Description of the task: All entries below are to be reproduced precisely as they stand, without the pictures.

(Dataset items)
┄┄┄┄┄┄┄┄┄┄
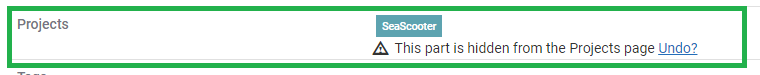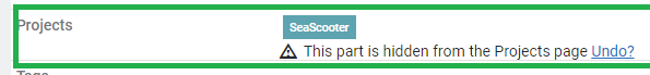 To Hide a Part on the Project Page
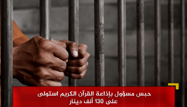 طرابلس 29 إبريل 2024 أعلن مكتب النائب، حبس مسؤول بإذاعة القرآن الكريم بتهمة الاستيلاء على مبالغ مالية.
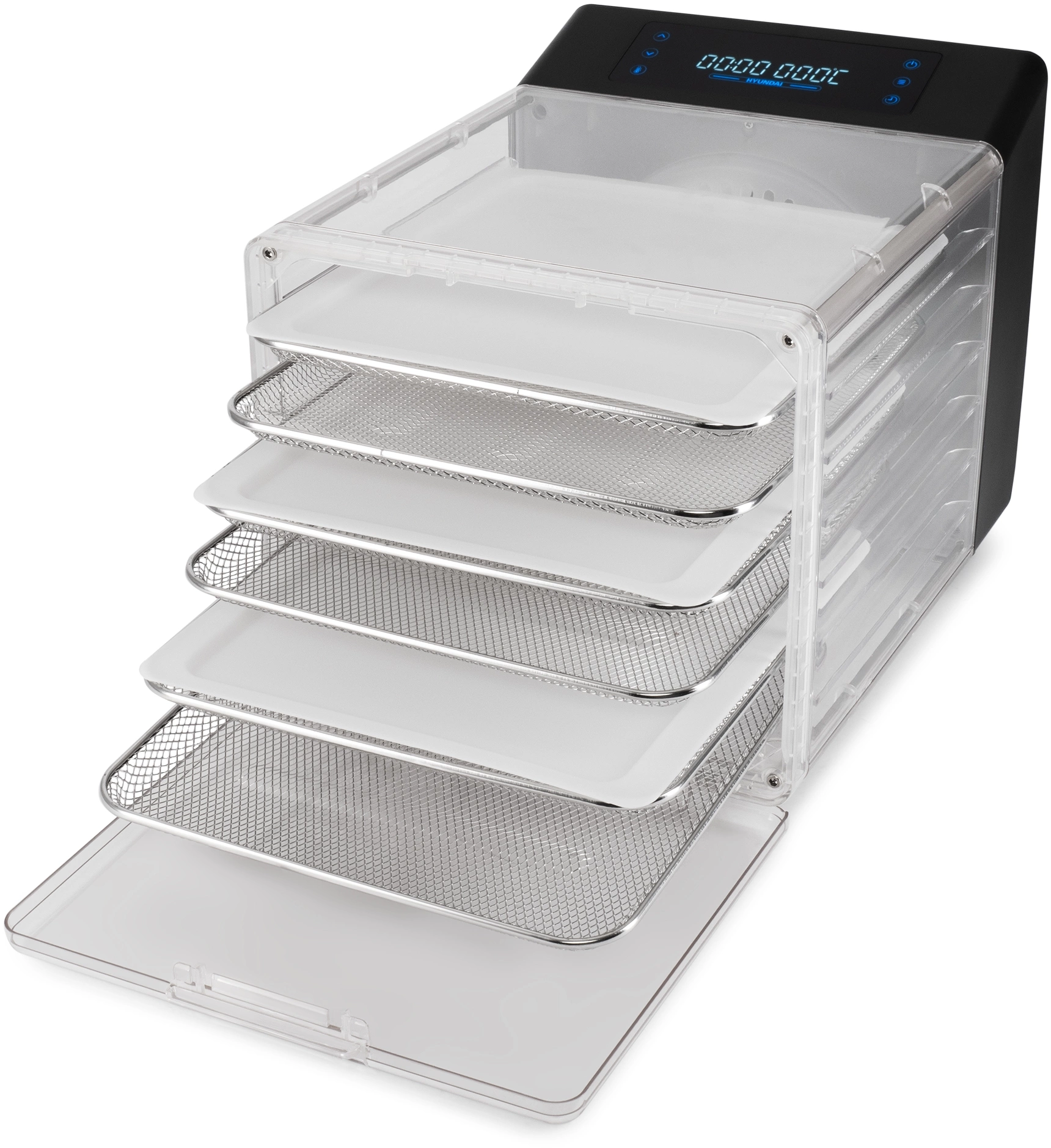Тип прибора: Сушка Назначение: для фруктов и овощей Бренд: HYUNDAI Модель: HYFD-8800 PartNumber/Артикул Производителя: HYFD-8800 Количество поддонов: 12 шт Мощность: 600 Вт Цвет: черный Дополнительный цвет: прозрачный Регулировка температуры, мин: 30 °С Регулировка температуры, макс: 75 °С Возможность сушки фруктов: ДА Возможность сушки овощей: ДА Возможность сушки грибов: ДА Возможность сушки трав: ДА Комплектация: 6 стальных поддонов , 6 поддонов для пастилы. Количество уровней: 6 Особенности: Разборный корпус для компактного хранения. Прозрачный корпус для визуального контроля за сушкой. Откидная дверца для удобства загрузки и выгрузки.
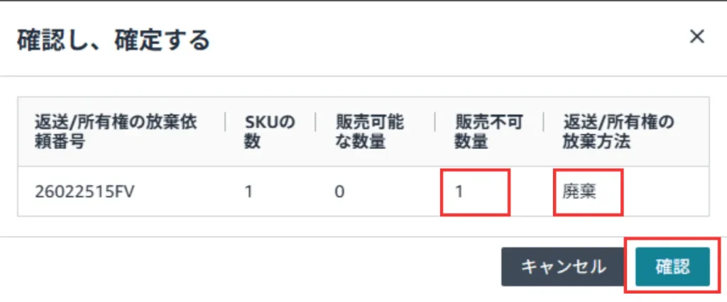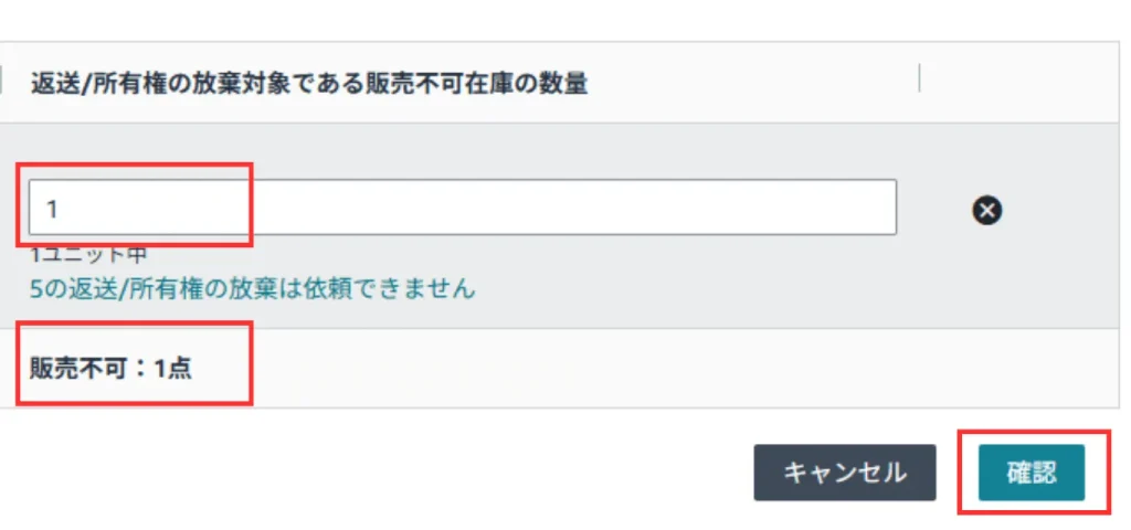 ⑤「返送/所有権の放棄対象である販売不可在庫の数量」の下に「販売不可:○点」と記載されている数量以下を入力し「確認」をクリックします。
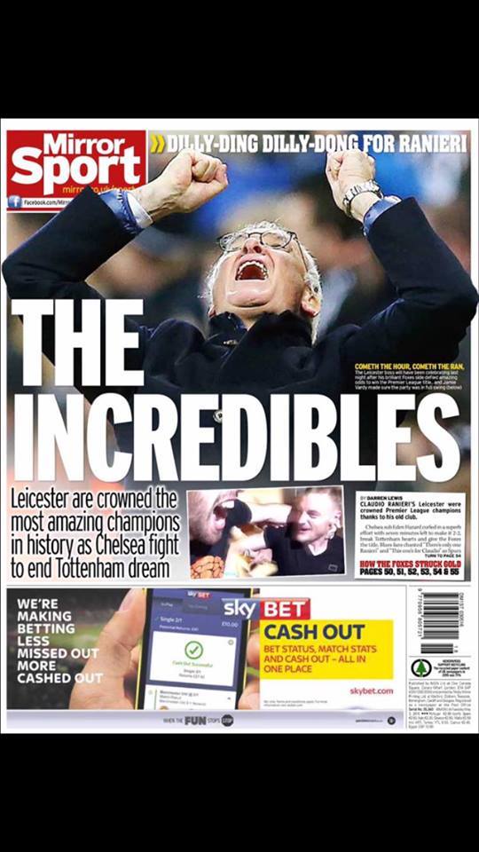 وتوّج ليستر رسميًا بلقب الدوري الإنجليزي للموسم الحالي، للمرة الأولى في تاريخه، بعدما سقط منافسه توتنهام في فخ التعادل أمام نظيره تشيلسي بنتيجة (2-2)، في المباراة التي جمعتهما على ملعب “ستامفورد بريدج” في ختام المرحلة 36 من المسابقة.
┄┄┄┄┄┄┄┄┄┄
Final answer:
 To Hide a Part on the Project Page
 طرابلس 29 إبريل 2024 أعلن مكتب النائب، حبس مسؤول بإذاعة القرآن الكريم بتهمة الاستيلاء على مبالغ مالية.
Тип прибора: Сушка Назначение: для фруктов и овощей Бренд: HYUNDAI Модель: HYFD-8800 PartNumber/Артикул Производителя: HYFD-8800 Количество поддонов: 12 шт Мощность: 600 Вт Цвет: черный Дополнительный цвет: прозрачный Регулировка температуры, мин: 30 °С Регулировка температуры, макс: 75 °С Возможность сушки фруктов: ДА Возможность сушки овощей: ДА Возможность сушки грибов: ДА Возможность сушки трав: ДА Комплектация: 6 стальных поддонов , 6 поддонов для пастилы. Количество уровней: 6 Особенности: Разборный корпус для компактного хранения. Прозрачный корпус для визуального контроля за сушкой. Откидная дверца для удобства загрузки и выгрузки.
 ⑤「返送/所有権の放棄対象である販売不可在庫の数量」の下に「販売不可:○点」と記載されている数量以下を入力し「確認」をクリックします。
 وتوّج ليستر رسميًا بلقب الدوري الإنجليزي للموسم الحالي، للمرة الأولى في تاريخه، بعدما سقط منافسه توتنهام في فخ التعادل أمام نظيره تشيلسي بنتيجة (2-2)، في المباراة التي جمعتهما على ملعب “ستامفورد بريدج” في ختام المرحلة 36 من المسابقة.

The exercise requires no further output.